The Hillary '16 propaganda machine launches a second foray
It is now clear that a finely-tuned plan to soften-up opposition to Hillary Clinton rolling into the Oval Office is being executed through willing proxies. Last week saw the “ban bossy” campaign launched by Hillary enthusiast Sheryl Sandberg with the assistance of a duped Condoleeza Rice, a transparent effort to delegitimize any comment about the former first lady’s imperious demeanor and behavior (she once commanded that military personnel assigned to the White House not look her in the face).
This week’s propaganda operation is being handled by Life Magazine, which is featuring a series of photos taken when Hillary Rodham was a graduating senior at Wellesley College. The photos are being positioned as “shot by LIFE magazine in 1969 as part of a feature on outstanding college students.” A credulous Chris Cillizza of the Washington Post gushes over the photos as “so fascinating. It captures Clinton before she became ‘HILLARY CLINTON’” and “Hillary Clinton like you’ve never seen her before.”
But I was alive and also a graduating senior at the time, and remember well the treatment Hillary got, and why she got it. For one thing, the clown pants she wore seemed rather comical. For another, LIFE Magazine was actually read by people back then. The real story: Hillary Rodham was allowed to give an address to the student body of Wellesley at commencement, and she ungraciously used the opportunity to attack the commencement speaker, Senator Ed Brooke, the first African American senator since Reconstruction and a Republican, over his support of the Vietnam War.

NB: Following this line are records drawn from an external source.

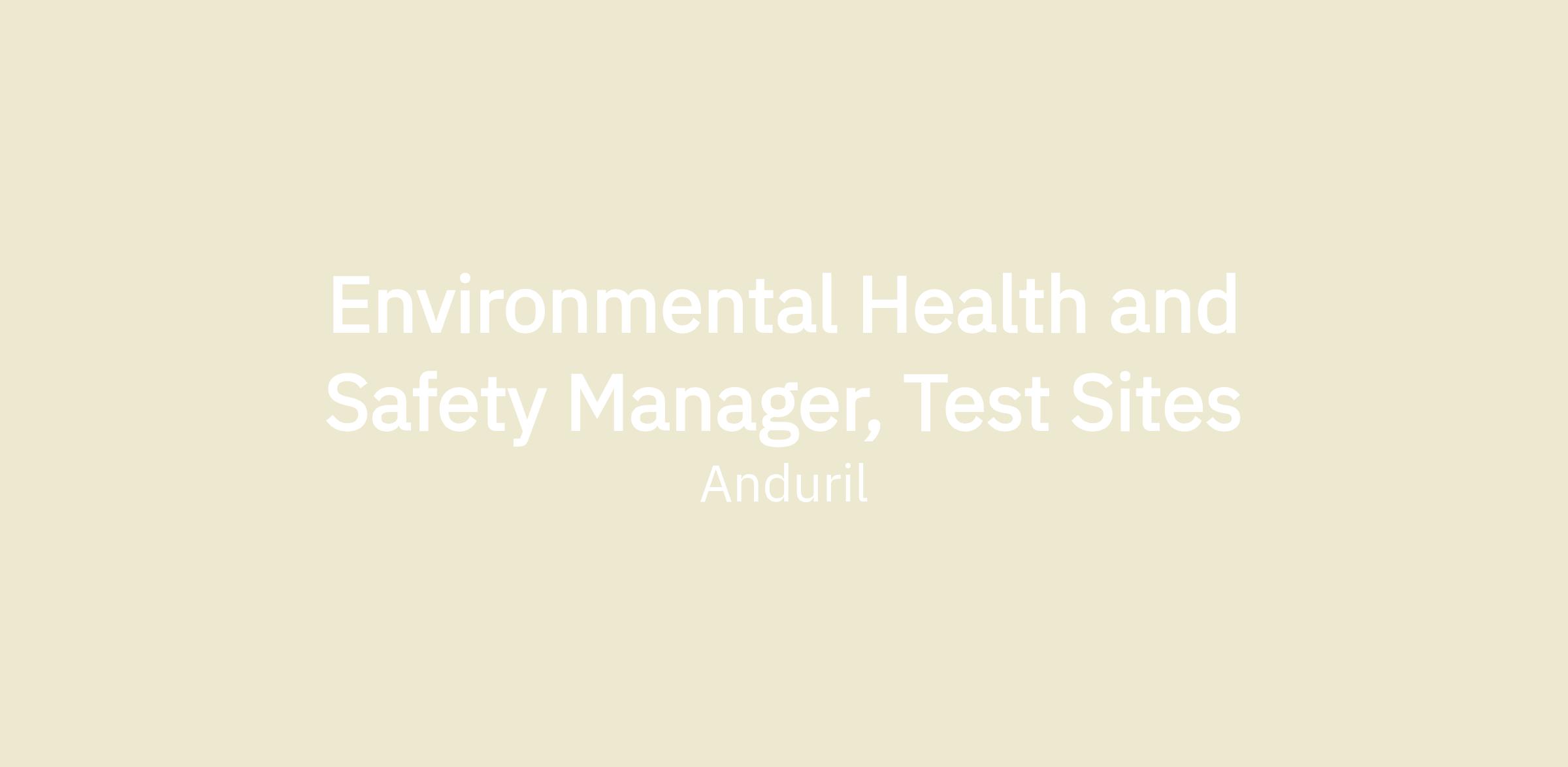 Anduril is looking for an Environmental Health & Safety Manager (Test Sites) to join our rapidly growing team. As Environmental Health & Safety Manager, you’ll be responsible for Anduril’s safety and environmental policies, processes, and procedures primarily at our test sites and secondarily at our HQ supporting R&D. You’ll understand all federal, state, and local regulations and industry best practices, and work to improve Anduril’s processes.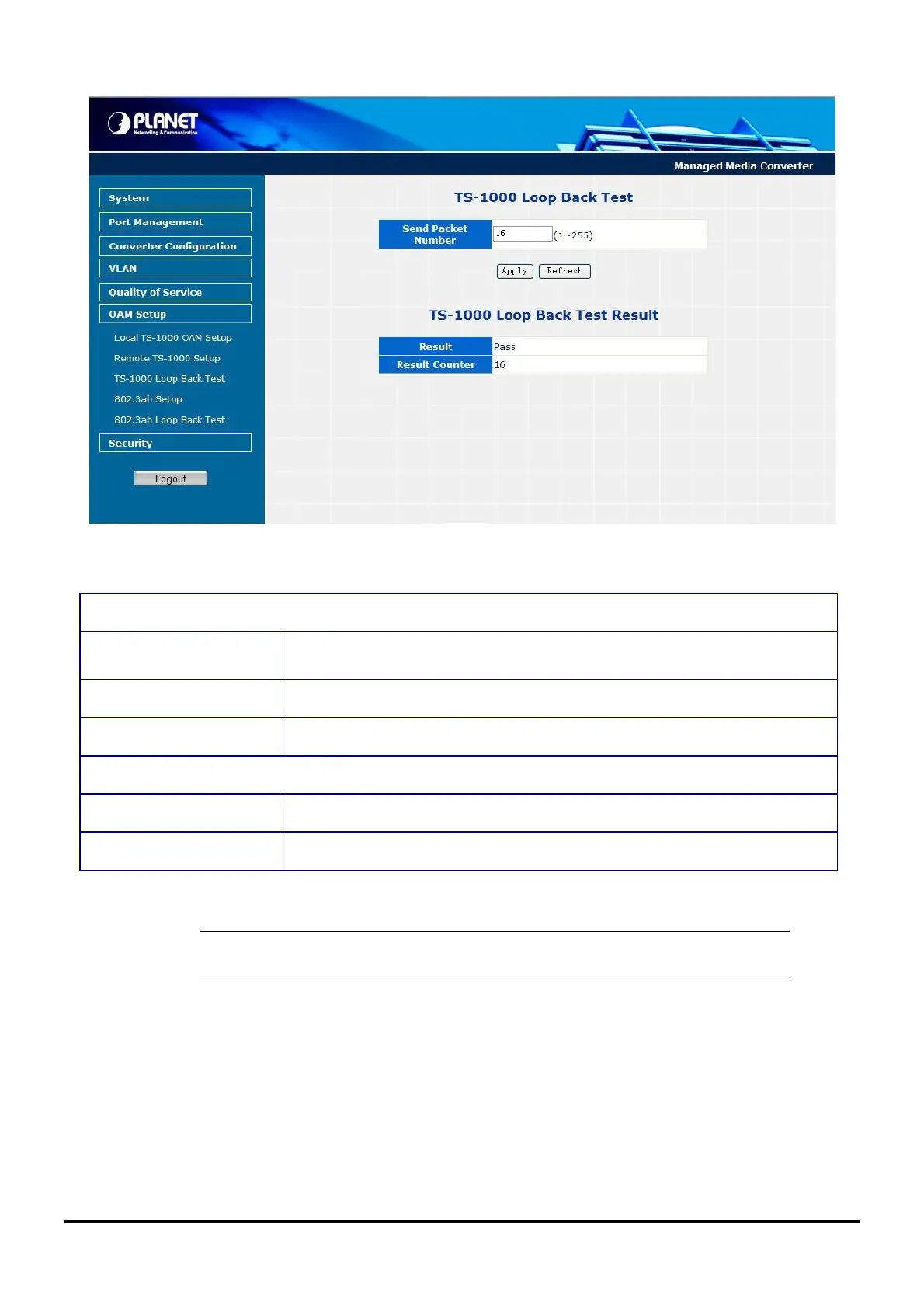 Table 4-14 Descriptions of the TS-1000 Loop Back Test Web Page Screen Objects
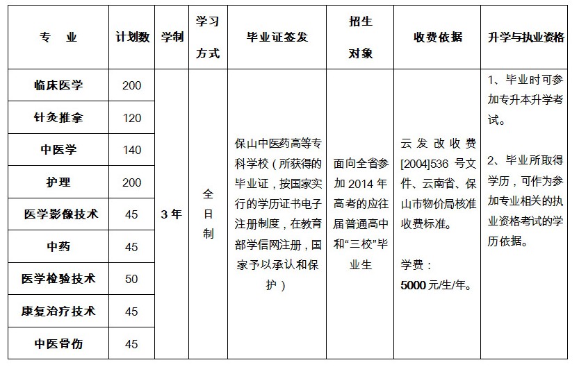 一、保山中醫(yī)藥高等專科學校2014年招生計劃:

Naturally, neither Life Magazine nor Cillizza bothers to mention this impolite attack on a black man. Were the political parties reversed, imputations of racism would be highlighted, of course.
Hillary’s breach of etiquette was part of the coarsening of academic life brought about by the antiwar protestors, and heralded the takeover of the university system by the left. Hillary played a prominent role in this disastrous transformation. But her friends in the media are per-emptively defining this away.
With this crowd, you can’t be cynical enough.